━━━━━ THE DATA

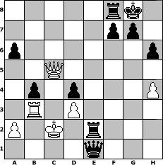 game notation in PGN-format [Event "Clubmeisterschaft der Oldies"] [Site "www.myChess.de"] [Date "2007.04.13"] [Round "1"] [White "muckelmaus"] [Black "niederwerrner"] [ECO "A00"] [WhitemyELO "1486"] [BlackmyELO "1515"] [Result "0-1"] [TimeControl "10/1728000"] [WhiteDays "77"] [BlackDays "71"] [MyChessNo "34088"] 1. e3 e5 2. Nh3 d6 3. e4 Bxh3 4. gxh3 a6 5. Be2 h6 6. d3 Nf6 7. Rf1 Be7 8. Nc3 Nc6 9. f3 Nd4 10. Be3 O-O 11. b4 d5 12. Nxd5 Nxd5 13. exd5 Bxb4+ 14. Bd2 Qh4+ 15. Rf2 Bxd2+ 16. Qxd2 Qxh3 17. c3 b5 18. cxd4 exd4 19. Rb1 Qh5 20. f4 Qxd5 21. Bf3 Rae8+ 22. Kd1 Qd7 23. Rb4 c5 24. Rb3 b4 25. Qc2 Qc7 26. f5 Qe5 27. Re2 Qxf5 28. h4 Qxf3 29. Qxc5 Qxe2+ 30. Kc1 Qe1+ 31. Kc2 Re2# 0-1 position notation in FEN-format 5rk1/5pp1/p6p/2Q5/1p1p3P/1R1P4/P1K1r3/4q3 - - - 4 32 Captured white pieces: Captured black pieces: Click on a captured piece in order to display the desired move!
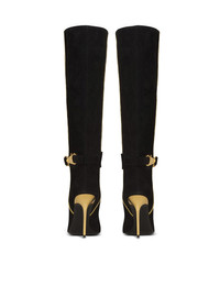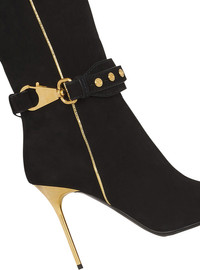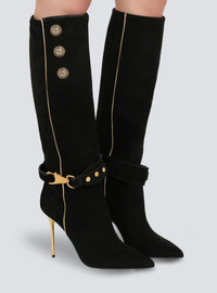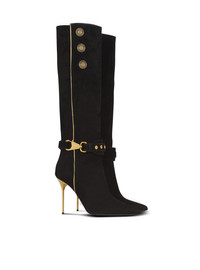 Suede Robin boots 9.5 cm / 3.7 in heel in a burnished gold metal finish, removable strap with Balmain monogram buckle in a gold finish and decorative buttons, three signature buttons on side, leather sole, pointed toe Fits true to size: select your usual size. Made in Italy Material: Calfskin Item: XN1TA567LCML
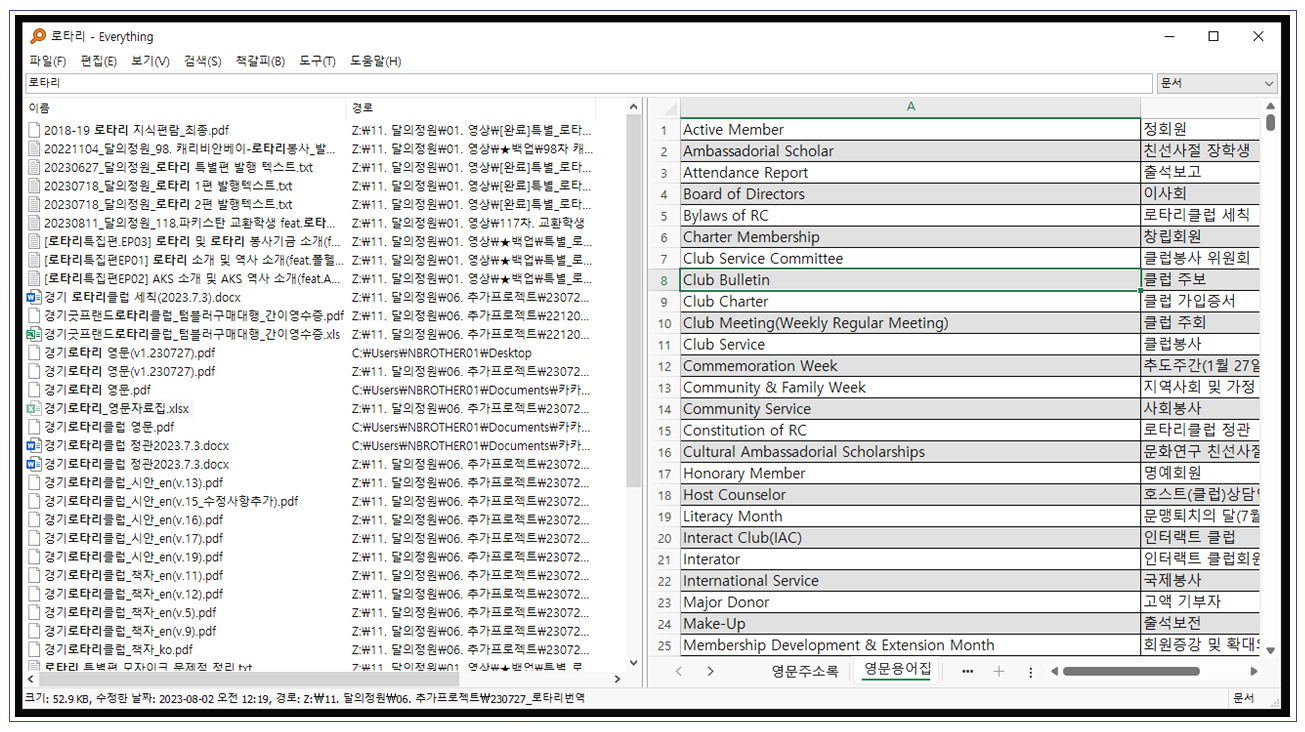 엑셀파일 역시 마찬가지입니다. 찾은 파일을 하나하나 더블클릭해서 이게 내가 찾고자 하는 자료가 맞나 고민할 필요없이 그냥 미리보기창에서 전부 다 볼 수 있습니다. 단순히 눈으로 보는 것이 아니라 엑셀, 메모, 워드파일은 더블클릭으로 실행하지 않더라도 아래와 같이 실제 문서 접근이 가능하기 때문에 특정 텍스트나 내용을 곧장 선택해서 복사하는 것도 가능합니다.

━━━━━━━━━━

The output is the lines from the start of the data above through the line containing "Suede Robin boots", unchanged, with any picture left out.

## [OUTPUT OF THE EXERCISE]
 game notation in PGN-format [Event "Clubmeisterschaft der Oldies"] [Site "www.myChess.de"] [Date "2007.04.13"] [Round "1"] [White "muckelmaus"] [Black "niederwerrner"] [ECO "A00"] [WhitemyELO "1486"] [BlackmyELO "1515"] [Result "0-1"] [TimeControl "10/1728000"] [WhiteDays "77"] [BlackDays "71"] [MyChessNo "34088"] 1. e3 e5 2. Nh3 d6 3. e4 Bxh3 4. gxh3 a6 5. Be2 h6 6. d3 Nf6 7. Rf1 Be7 8. Nc3 Nc6 9. f3 Nd4 10. Be3 O-O 11. b4 d5 12. Nxd5 Nxd5 13. exd5 Bxb4+ 14. Bd2 Qh4+ 15. Rf2 Bxd2+ 16. Qxd2 Qxh3 17. c3 b5 18. cxd4 exd4 19. Rb1 Qh5 20. f4 Qxd5 21. Bf3 Rae8+ 22. Kd1 Qd7 23. Rb4 c5 24. Rb3 b4 25. Qc2 Qc7 26. f5 Qe5 27. Re2 Qxf5 28. h4 Qxf3 29. Qxc5 Qxe2+ 30. Kc1 Qe1+ 31. Kc2 Re2# 0-1 position notation in FEN-format 5rk1/5pp1/p6p/2Q5/1p1p3P/1R1P4/P1K1r3/4q3 - - - 4 32 Captured white pieces: Captured black pieces: Click on a captured piece in order to display the desired move!
 Suede Robin boots 9.5 cm / 3.7 in heel in a burnished gold metal finish, removable strap with Balmain monogram buckle in a gold finish and decorative buttons, three signature buttons on side, leather sole, pointed toe Fits true to size: select your usual size. Made in Italy Material: Calfskin Item: XN1TA567LCML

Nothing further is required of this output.